Pre- and Post- toggle? Why, and some examples?

Grazie wrote on 8/2/2007, 11:40 PM
Could some kind person explain to me, by using simple simple examples, just where I'd employ 'em and what the results are of using these necessary features? Under what circumstances would they be valuable and how would I "plan" to use them? And just what IS happening when they are ON or OFF?

TIA,

Grazie

Comments

ushere wrote on 8/2/2007, 11:50 PM
pre toggle equates to foreplay. post toggle equates to the cigarette.

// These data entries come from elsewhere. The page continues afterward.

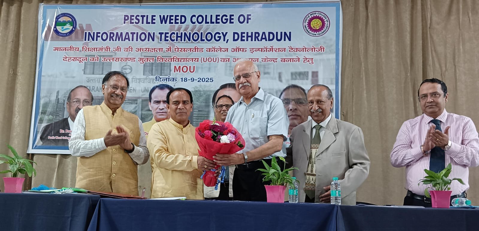 पेसल वीड कॉलेज ऑफ इन्फॉरमेशन टैक्नोलोजी, देहरादून को उत्तराखण्ड मुक्त विश्वविद्यालय का अध्ययन केंद्र बनाने हेतु समझौता ज्ञापन पर हस्ताक्षर किया गया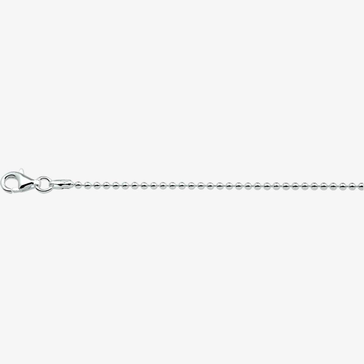 Deze zilveren bolletjes ketting van 2 mm is een stijlvolle basic met een speelse touch. De ketting bestaat uit kleine, geschakeerde bolletjes van 2 mm dik, en is licht glanzend.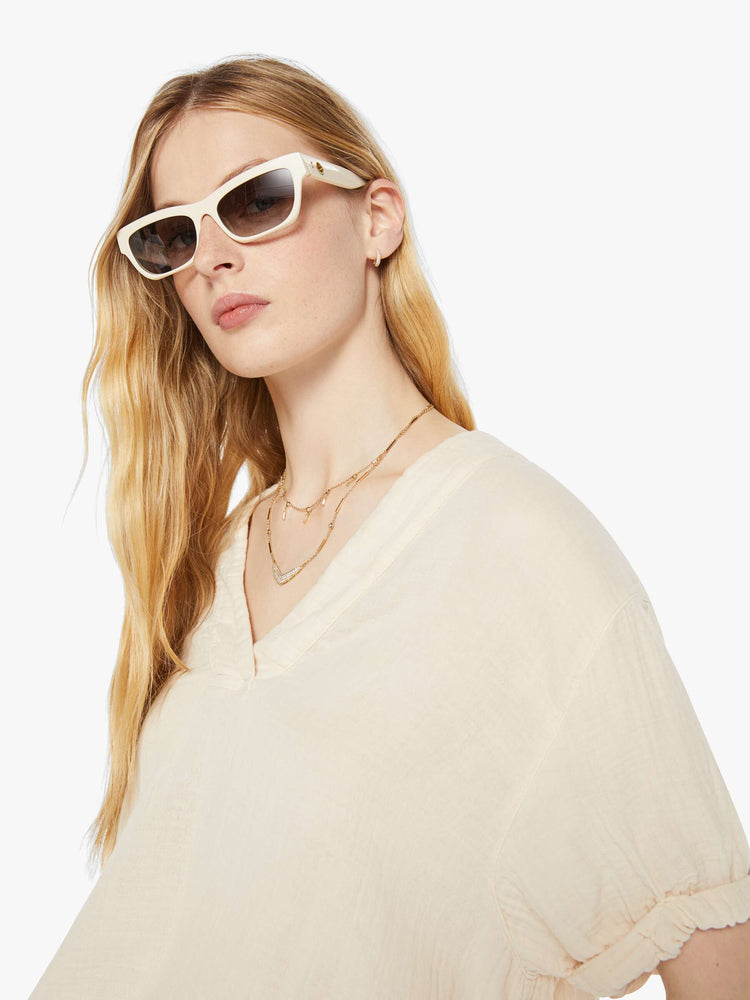 Basically essential. The Avery Top from XiRENA, a Los Angeles brand that pays homage to the Golden State’s moods, features a V-neck, short sleeves and a flowy fit. It's made of soft, gauzy 100% cotton in off-white.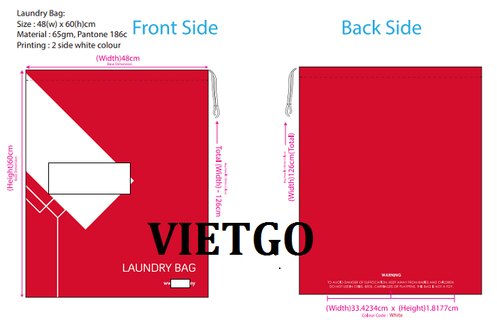 Thiết kế: Túi màu đỏ với với dây rút PP, in nhiệt 2 màu như hình minh họa ở cả 2 mặt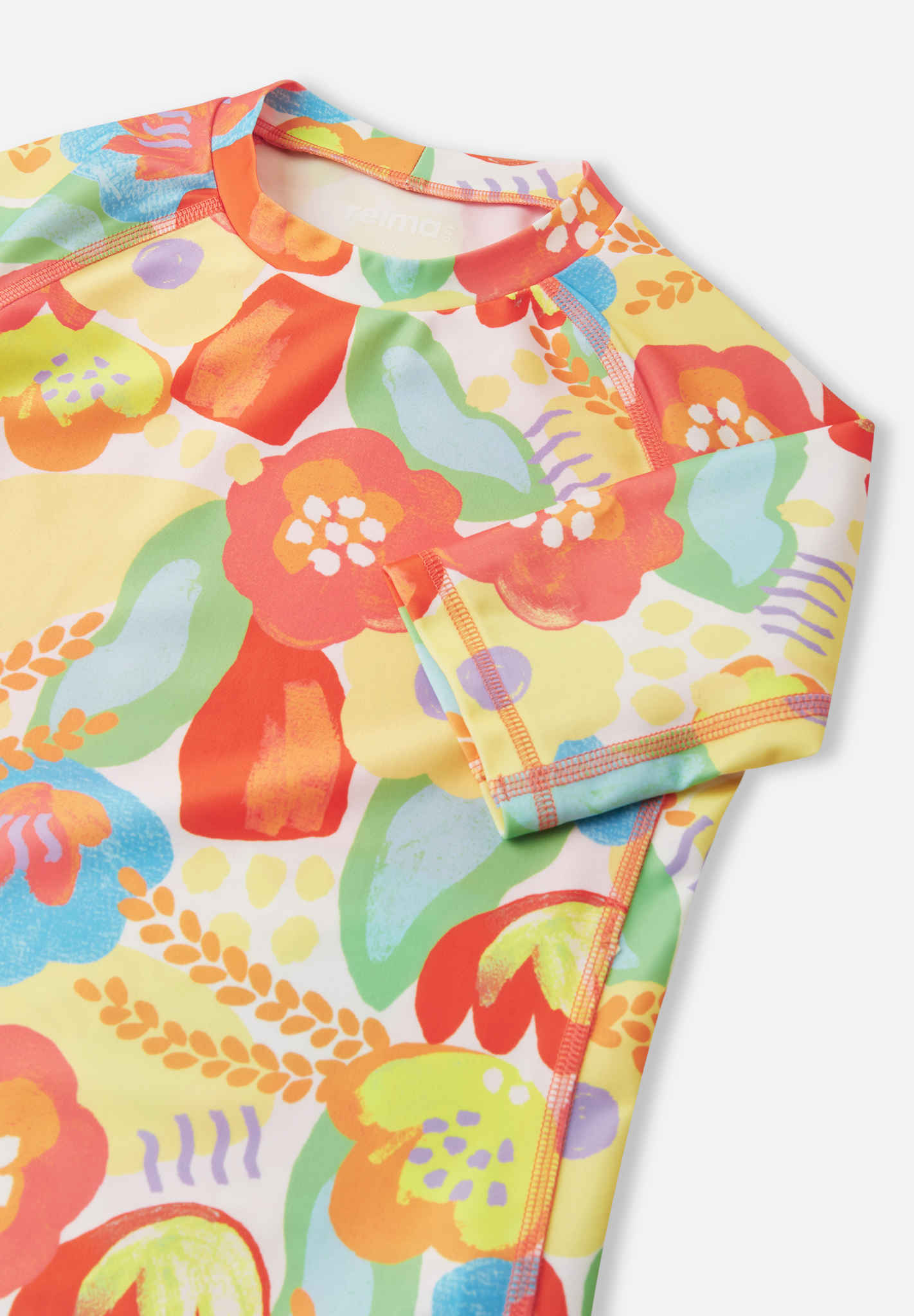 Kids' swim shirt with elbow-length sleeves. Quick-drying and has UV protection.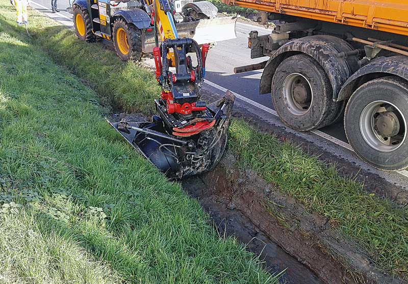 Auch Forstbetriebe, Straßenmeistereien und Bauhöfe schätzen die einfache, präzise und effiziente Durchführung von Grabenarbeiten mit dem Spezialwerkzeug. Die Reinigung und der Erhalt von Gräben zur Ableitung des Oberflächenwassers spielt nicht nur entlang von Straßen eine wichtige Rolle. Auch an Schotter- und Waldwegen ist ihre Pflege zum Schutz vor Erosion und Frostschäden durch nicht oder unkontrolliert ablaufendes Wasser relevant. Boden, Laub, Gehölz oder auch Unrat lassen sich zusammentragen oder abfahren; anders als bei der Säuberung mit einer auch aus Sicht des Naturschutzes nicht unbedenklichen Fräse, wo das Material in der Umgebung landet.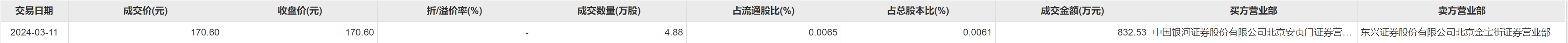 3月11日大宗交易成交4.88万股,成交额832.53万元,占当日总成交额的0.15%,成交价170.6元,较市场收盘价170.6元持平。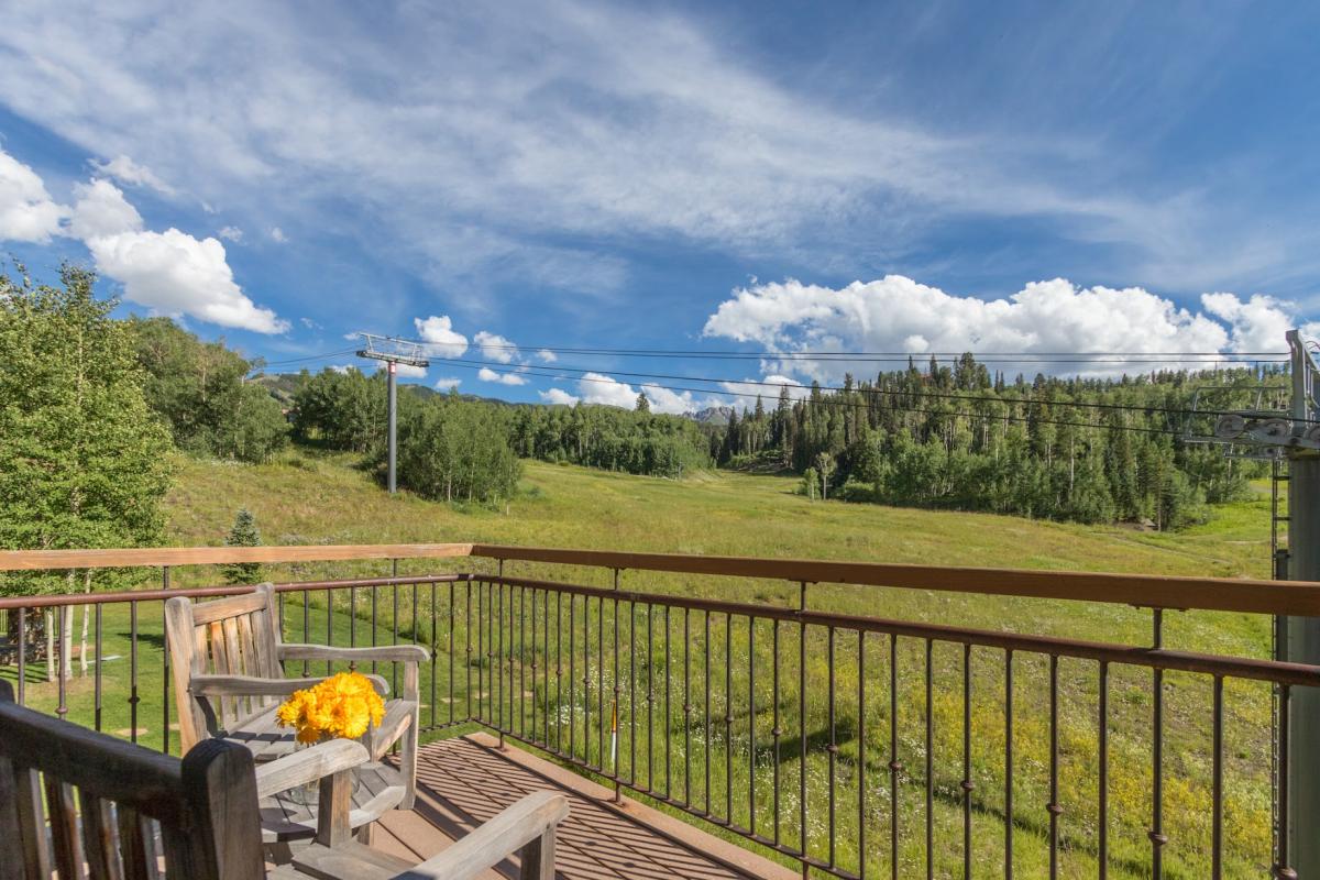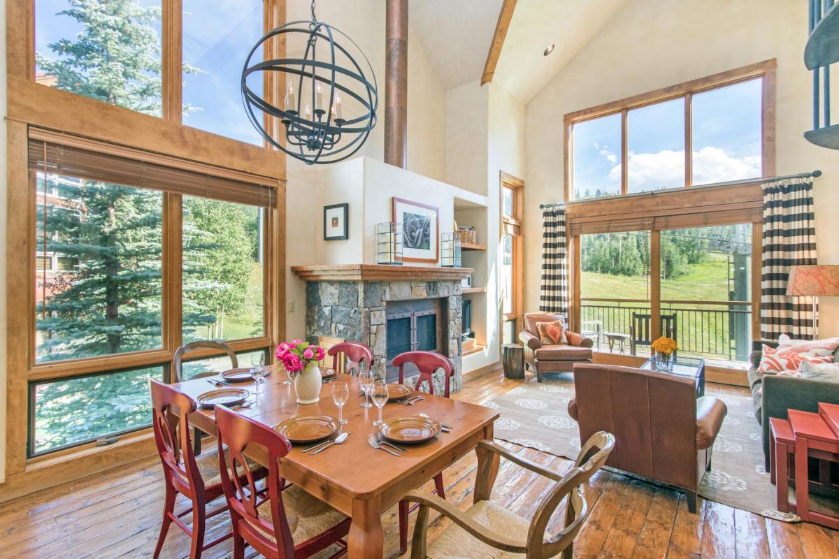Unit 1102: You can see everything from here: the Meadows ski run plus the awe-inspiring surrounding mountains. This sun-filled upstairs unit has two bedrooms on the main floor. The master bedroom has a king bed with en suite bath and a flat screen TV. The guest bedroom has two twin beds that can be made into a king. The loft overlooks the great room and has two sets of bunk beds, with fulls on the bottom and twins on top. The great room has a dining table that seats eight, a gas fireplace, flat-screen TV with DVD player, and a CD stereo. It doesn't get much better than cooking on the gas grill on your private deck while watching the skiers go by or taking in the spectacular scenery.
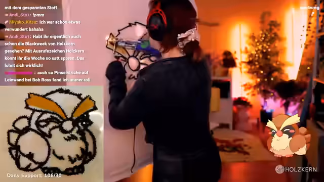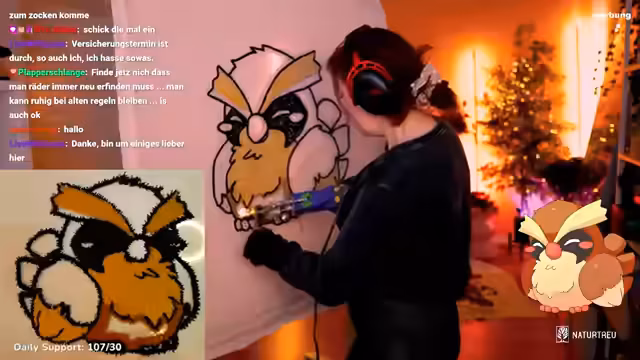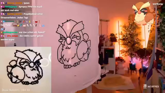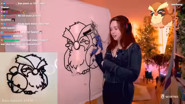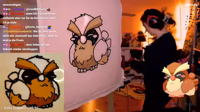 06:01:46Feli plant einen gemeinsamen Stream mit Dilli, dessen genaue Startzeit noch geklärt werden muss, aber voraussichtlich gegen 8 oder 9 Uhr morgens beginnen wird. Währenddessen arbeitet sie weiterhin an dem Taubsi-Teppich für Urban, der als Top-Sub-Gifter des Vormonats ausgewählt wurde. Trotz kleinerer Schwierigkeiten mit gerissenen Fäden und der Notwendigkeit, immer wieder neu einzufädeln, ist Feli entschlossen, den Teppich noch im aktuellen Stream fertigzustellen. Sie freut sich über die Fortschritte und die wachsende Erkennbarkeit des Motivs, was die Zuschauer im Chat ebenfalls begeistert kommentieren.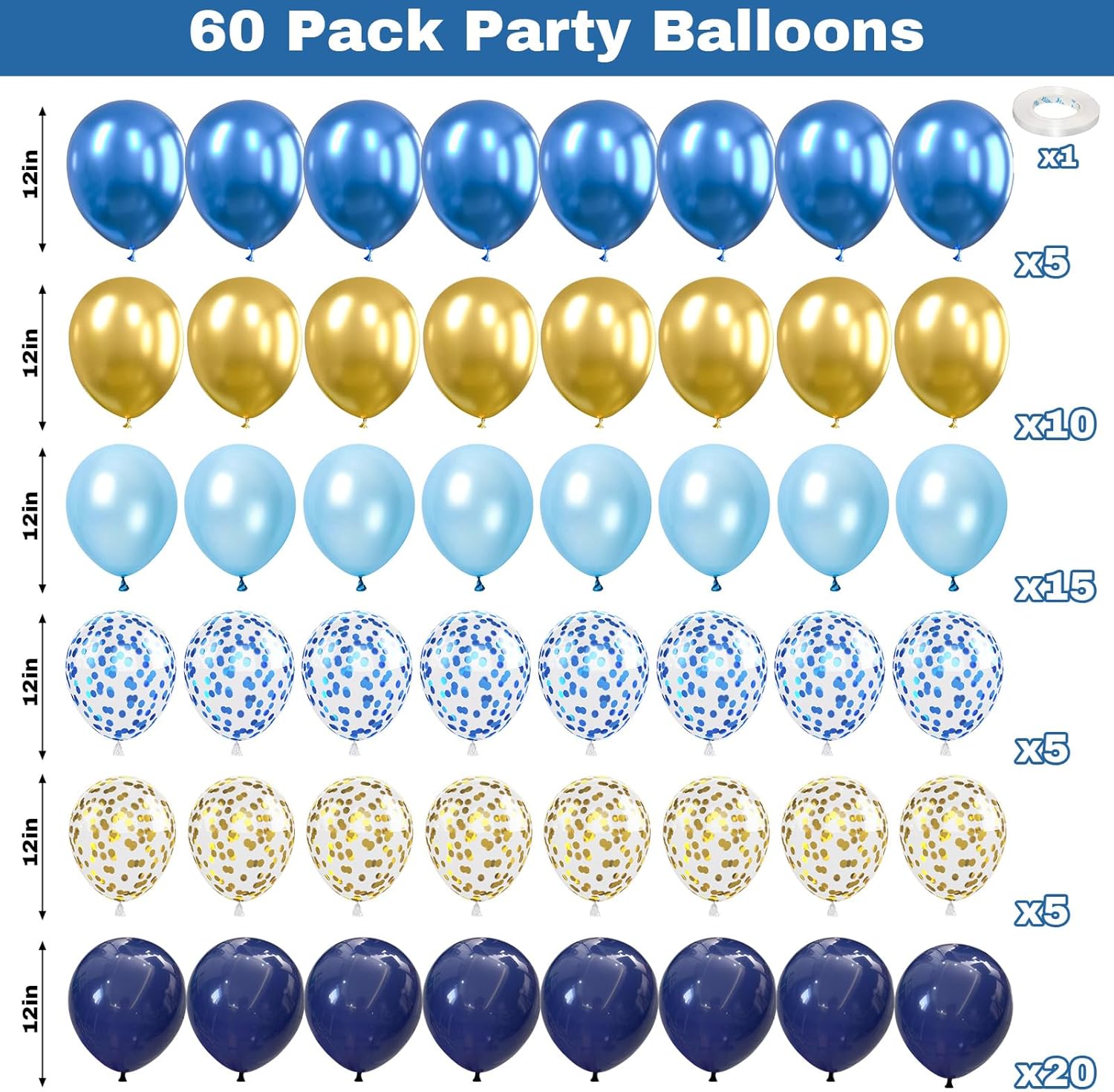 - ✨ Blue Gold Balloons: Our package includes 60pcs 12inch latex balloons (15pcs pearl blue balloons, 20pcs navy blue balloons, 10pcs metallic gold balloons, 5pcs metallic blue balloons, 5pcs blue confetti balloons, 5pcs gold confetti balloons) and 1pc balloon ribbon. Perfect for upscale events, birthday, or any occasion where elegance is key. Elevate your decor with these sleek and polished blue gold balloon that will leave a lasting impression on your guests.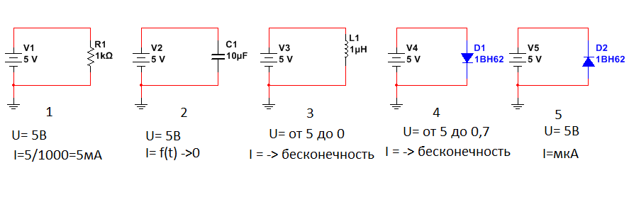 Эта статья рассматривает, как же компоненты взаимодействуют друг с другом и влияют на общую работу схемы. Что из себя представляет каждый компонент, поверхностно мы рассмотрели В этой заметке. Теперь перед Вами 5 схем, схемы простые, но в таком виде не встречаются. Единственное замечание, использую в схемах европейские обозначения, отражается это на резисторах в первую очередь. Теперь предлагаю рассмотреть по порядку несколько схем: 1. Простая схема, в данном случае слева источник питания в данном случае источник напряжения, 5 В, а справа на схеме нагрузка в виде сопротивления. Номинал сопротивления 1000 Ом или 1кОм. Закон линейный, поэтому ток рассчитывается по простой формуле 5/1000 = 0,005. Любая лампа накаливания, любой ТЭН, работает по такому же принципу. 2. Схема аналогична первой, только нагрузка в виде ёмкости, или еще говорят, емкостная нагрузка. Здесь ток будет в первый момент - огромный, но он зарядит емкость и резко упадёт до нуля. Таким образом напряжение на емкости (в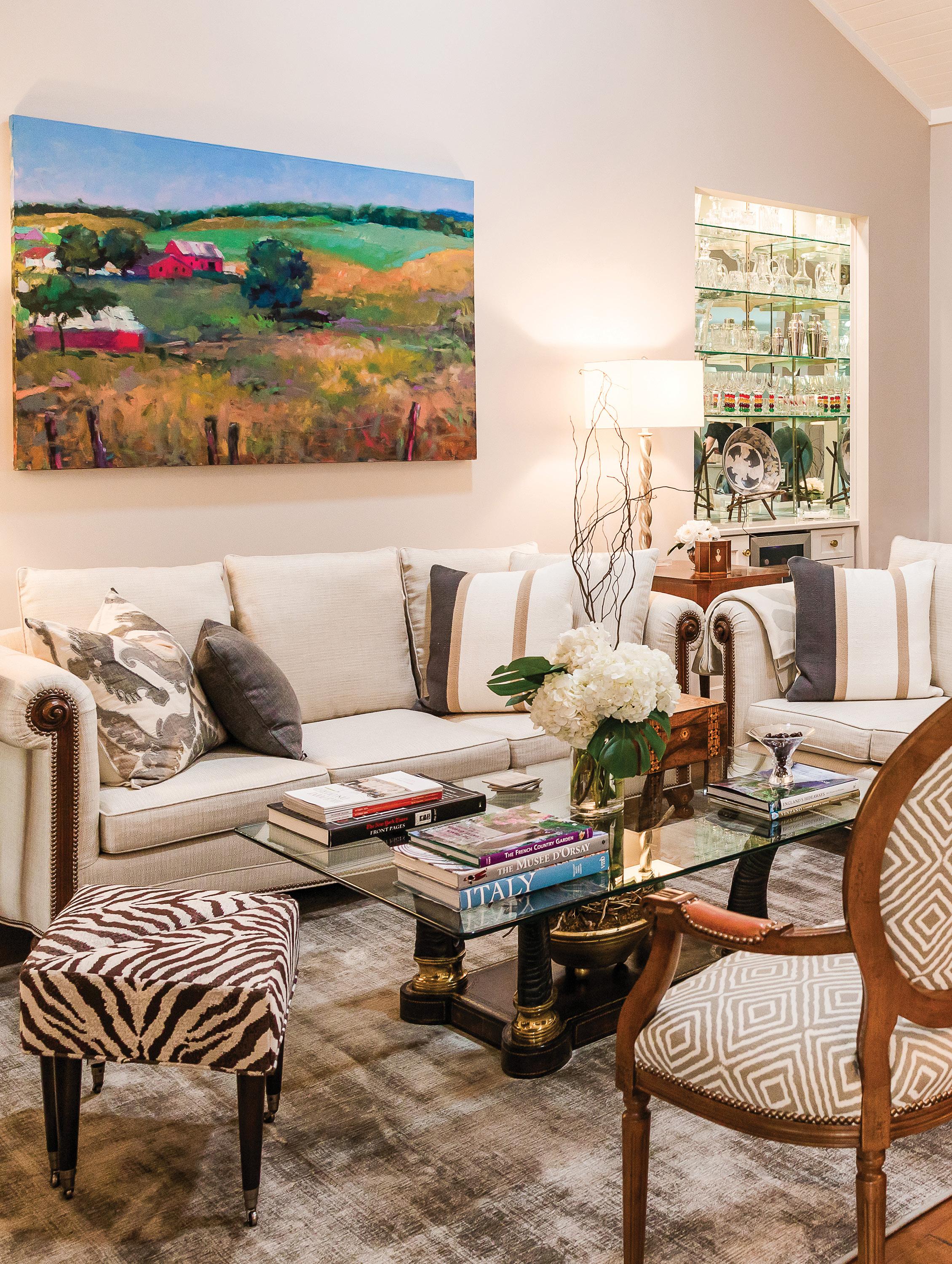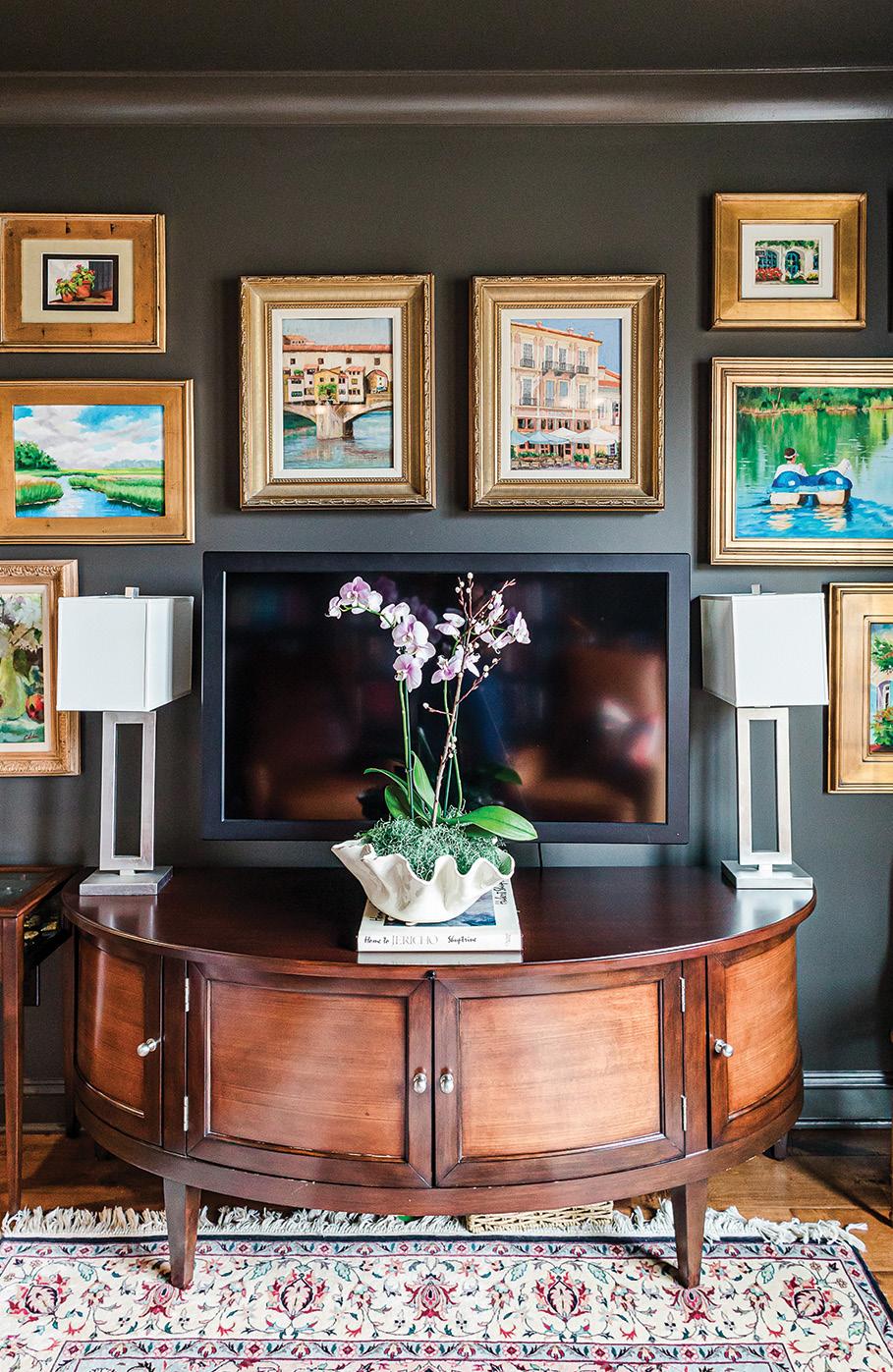Robin’s creative touch is evident throughout the home where her original paintings and personal photographs seamlessly blend art and memory. Along one wall, images captured during European river cruises, including scenes from the Louvre, Notre Dame and the streets of Rouen, offer a personal glimpse into her travels. These photographs are thoughtfully balanced by two striking paintings by Virginia artist Greg Osterhaus, creating a dynamic and cohesive display. A grand mirror, originally purchased decades ago for the hallway of their former home, now anchors the space with a sense of depth and continuity.

you need the pre to get to the post, and the cigarette to avoid the analysis....

leslie
Grazie wrote on 8/2/2007, 11:58 PM
Lol! - I'm still none the wiser. But I appreciate your humour.

I really do want to understand this ..

Grazie
farss wrote on 8/3/2007, 2:41 AM
Best example I could think of is say I use a checkerboard gen media and then use a bezier mask. Then apply glow FX. Depending on the pre or post setting of the glow FX it is applied either before or after the mask. What difference does this make?

If it's applied before then the mask constrains both the checkerboard and the glow. Apply the glow after and the masked checkerboards glow extends beyond the mask. What the glow is being applied to is the output of the mask, in the previous case it's being applied to the input of the mask.

Hope this helps.

As to where you might use this, heck mate, I'm an engineer, we just build this stuff, up to you creative bods to find a use for it :)

The thing I find is that how this is implemented is not intuitive, I much prefer the nodal approach like Fusion and Shake uses, that gives you a graphical view of the flow of things. However I know some people find the nodal thing totally baffling and prefer the way AE does it.

Bob.
winrockpost wrote on 8/3/2007, 4:21 AM
another example would be .. applying film effect to a clip that has been resized using pan and crop,, say to 16:9 from 4:3,, the effect will cover the whole 4:3 till you hit the toggle
rs170a wrote on 8/3/2007, 4:36 AM
Here's another one.
Drop an event (still or video) on the timeline.
Apply the Border FX (solid white so that it shows up easily) to it. Keep this window open.
Go into Pan/Crop and zoom out.
The border stays around the edge of the frame.
Go back to the Border FX window and click the Pre/Post Toggle so that it's pointing to the left.
Now zoom out in Pan/Crop and, TA DA!!, the border stays with the image.

Mike
ushere wrote on 8/3/2007, 5:47 AM
mike,

that's exactly what i meant about the cigarette....

got love this ng.
Grazie wrote on 8/3/2007, 9:33 AM
Mike I can make your suggestion work. I didn't know or ever SEEN the value until then. There has to be some tutorial which describes, and then gets underpinned by some logic to make this sink in?

Winrock? Nope, can't make yours work here.

Any more examples? What is actually happening and how? There has to have been a reason for this to have been created?

TIA - looking forward to other examples . .

Grazie

Tim L wrote on 8/3/2007, 10:21 AM
Pre/Post decides whether effect is applied before pan crop or after pan crop.

I think Winrock's example should work. 16:9 clip in a 4:3 output frame leaves black bars top and bottom.

If film effects is applied before pan crop ("pre"), then things will work out right.

If film effects is applied *after* pan crop ("post"), then the film effects will be applied to the entire 4:3 frame, including the black bars -- will see scratches, dust, etc, in the black bars (which won't look right)

Tim L

(Edit: Gosh, I hope I got that right. Maybe I'm confused now...)
rs170a wrote on 8/3/2007, 10:22 AM
The reason we're all confused is because it's Before/After Pan/Crop and not Pre/Post Toggle. SHEESH!!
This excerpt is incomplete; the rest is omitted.